[Excerpts from a dataset]
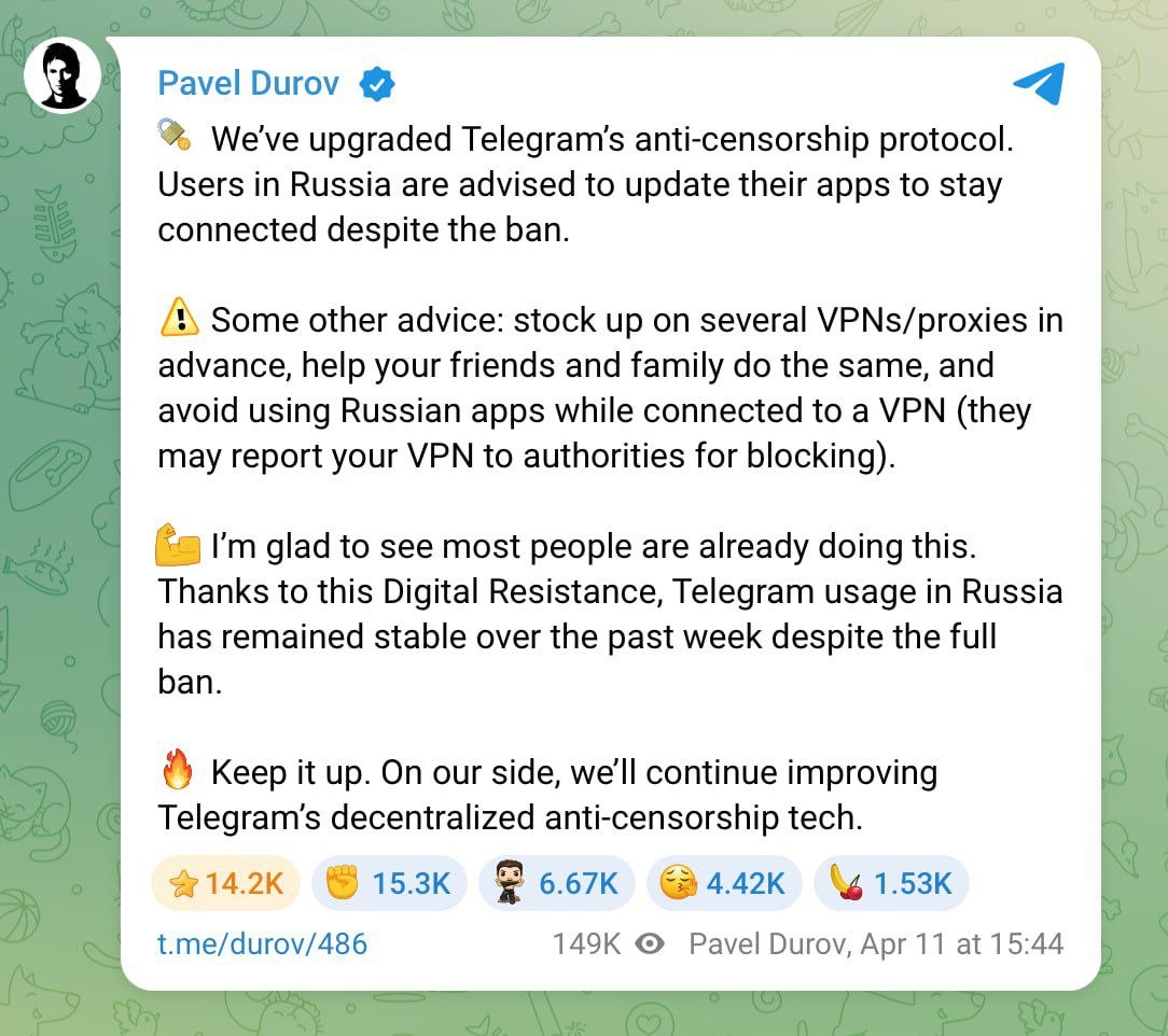 Дуров попросил всех обновить приложение так как это поможет улучшить связь. В настоящее время мониторинговые ресурсы сообщают что ситуация с "деградацией" телеграм движется по экспоненте - жалоб все больше, а связь все хуже.
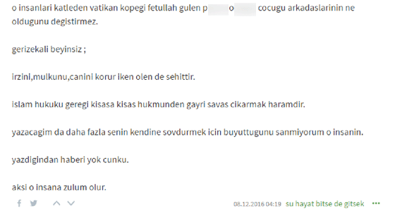 Ey ekşi sözlük yazarlarının büyük kısmı sizin almayacağınız bazı değerler vardır. Vatanını ve namusunu savunmak Müslümanların farzıdır… Yani vatan müdafaası Allah tarafından emredilmiştir! Bu nedenle vatanı savunmak İslam’ın gereğidir. Bu nedenle ‘Vatanını savunan, dinini savunmuş olur.’ Yani sizin o kıt beyinlerinizin bunu anlamaması çok normal. Şayet, sizden böyle bir şeyi anlamanızı da uygulamanızı da bekleyen yok. Fakat sıkıntı ne biliyor musunuz sizin adice, şerefsizce, alçakça insanların değerlerine saldırmanız. Aynı şeyin çok küçük bir ölçeği sizin için yapıldığı zaman (örneğin sizin değiminiz ile homofobik insanlar) çok büyük yaygaralar kopararak süslü cümleler kullanmasını çok iyi biliyorsunuz. Fakat artık size tahammül etmek istemiyoruz. Üstelik vicdanların kaldıramayacağı çok daha ağır ifadeler kullanılan mesajlar da bulunuyordu. Bunları buradan yayınlamıyoruz.
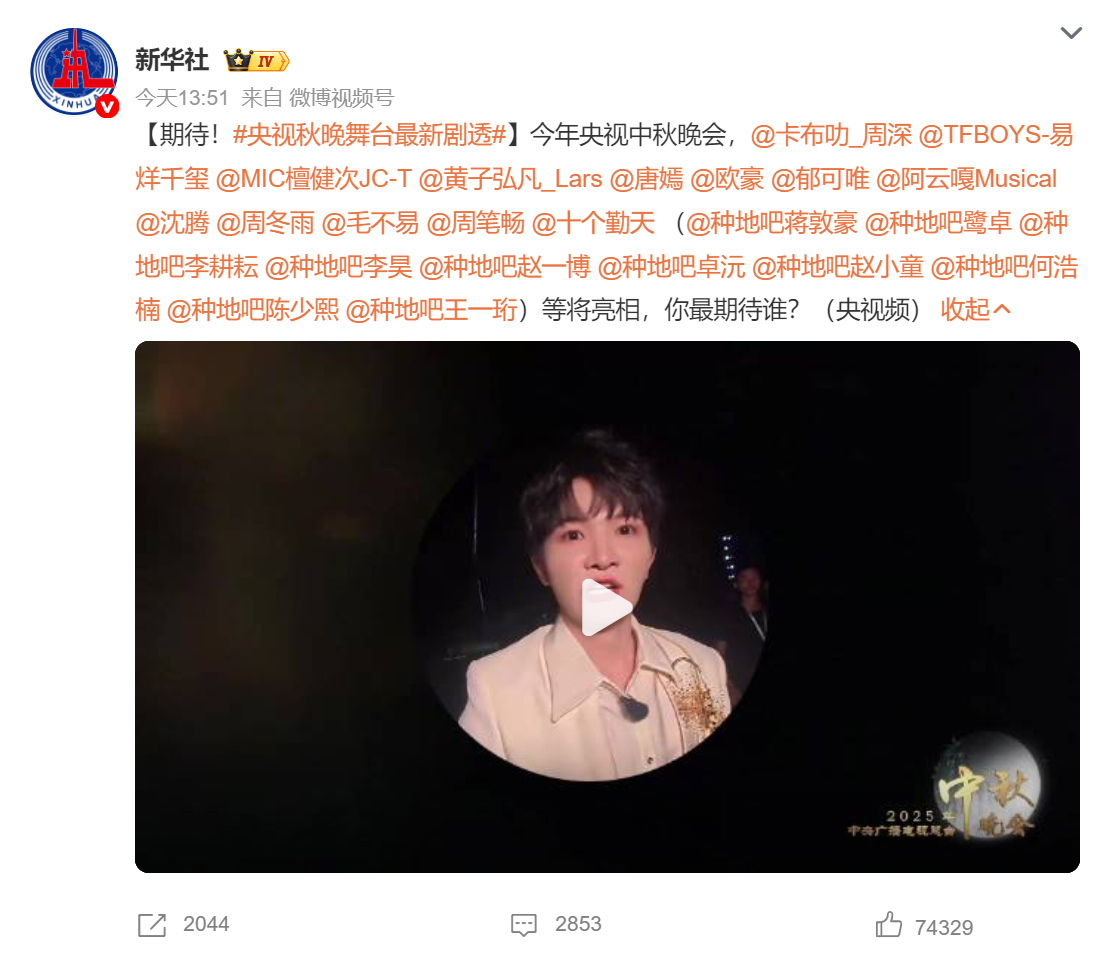 在央视秋晚的阵容中,周深的名字格外亮眼。他不仅是央视舞台的“常客”,更以“四台五曲”的超强配置横扫今年中秋档,从河南卫视的潮流演绎到湖南卫视的生日首秀,成为覆盖全年龄段的“声音桥梁”。
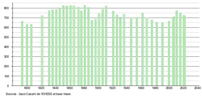 721 hab. (2021 en diminution de 3,99 % par rapport à 2015)
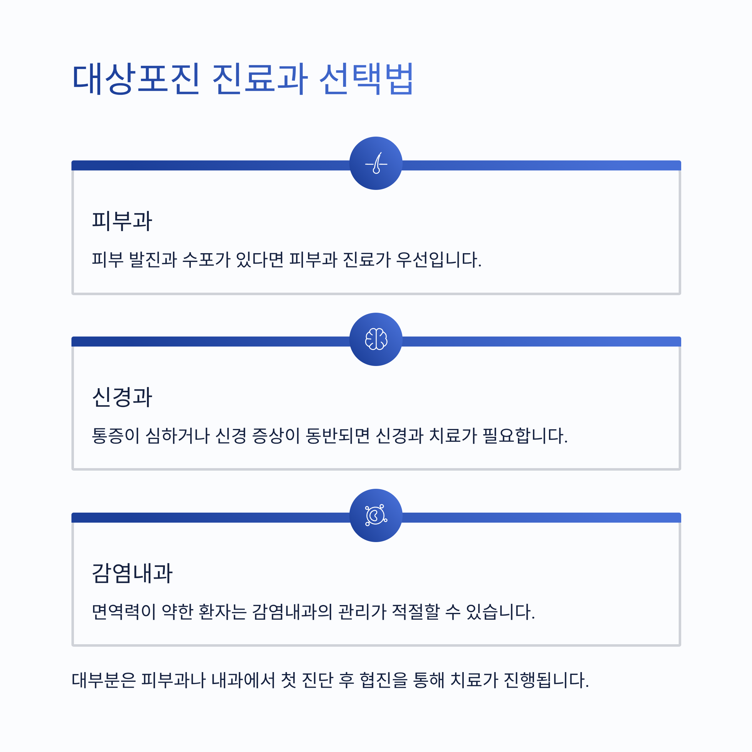 대부분은 피부과나 내과에서 첫 진단 후 협진을 통해 치료가 진행됩니다.
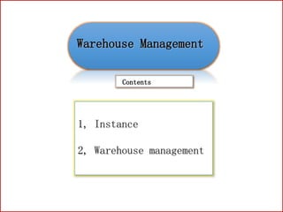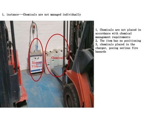1. The document discusses warehouse management and highlights issues with improper chemical storage posing fire hazards, lack of positioning of items, and materials not being stored according to requirements.
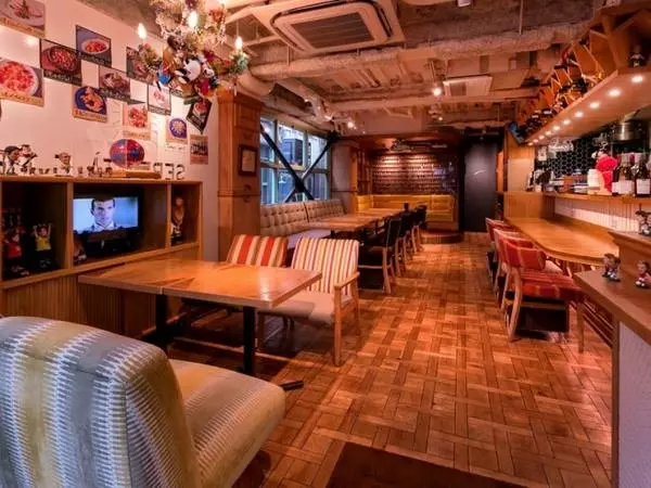 店内は、モニターに映し出されるサッカー映像に壁一面のサッカー雑誌やユニフォーム、フィギュアがあふれ、テーブルはサッカーフィールド模様と、サッカー好きにはたまらない空間。落ち着いた雰囲気のカウンター、テーブル席に広々としたソファ席もあるので、サッカーファンならずとも様々なシーンに利用できるアットホームなお店です。

THE PROBLEM
Repeat the entries verbatim; no pictures.

REPLY TO THE TASK
 Дуров попросил всех обновить приложение так как это поможет улучшить связь. В настоящее время мониторинговые ресурсы сообщают что ситуация с "деградацией" телеграм движется по экспоненте - жалоб все больше, а связь все хуже.
 Ey ekşi sözlük yazarlarının büyük kısmı sizin almayacağınız bazı değerler vardır. Vatanını ve namusunu savunmak Müslümanların farzıdır… Yani vatan müdafaası Allah tarafından emredilmiştir! Bu nedenle vatanı savunmak İslam’ın gereğidir. Bu nedenle ‘Vatanını savunan, dinini savunmuş olur.’ Yani sizin o kıt beyinlerinizin bunu anlamaması çok normal. Şayet, sizden böyle bir şeyi anlamanızı da uygulamanızı da bekleyen yok. Fakat sıkıntı ne biliyor musunuz sizin adice, şerefsizce, alçakça insanların değerlerine saldırmanız. Aynı şeyin çok küçük bir ölçeği sizin için yapıldığı zaman (örneğin sizin değiminiz ile homofobik insanlar) çok büyük yaygaralar kopararak süslü cümleler kullanmasını çok iyi biliyorsunuz. Fakat artık size tahammül etmek istemiyoruz. Üstelik vicdanların kaldıramayacağı çok daha ağır ifadeler kullanılan mesajlar da bulunuyordu. Bunları buradan yayınlamıyoruz.
 在央视秋晚的阵容中,周深的名字格外亮眼。他不仅是央视舞台的“常客”,更以“四台五曲”的超强配置横扫今年中秋档,从河南卫视的潮流演绎到湖南卫视的生日首秀,成为覆盖全年龄段的“声音桥梁”。
 721 hab. (2021 en diminution de 3,99 % par rapport à 2015)
 대부분은 피부과나 내과에서 첫 진단 후 협진을 통해 치료가 진행됩니다.
1. The document discusses warehouse management and highlights issues with improper chemical storage posing fire hazards, lack of positioning of items, and materials not being stored according to requirements.
 店内は、モニターに映し出されるサッカー映像に壁一面のサッカー雑誌やユニフォーム、フィギュアがあふれ、テーブルはサッカーフィールド模様と、サッカー好きにはたまらない空間。落ち着いた雰囲気のカウンター、テーブル席に広々としたソファ席もあるので、サッカーファンならずとも様々なシーンに利用できるアットホームなお店です。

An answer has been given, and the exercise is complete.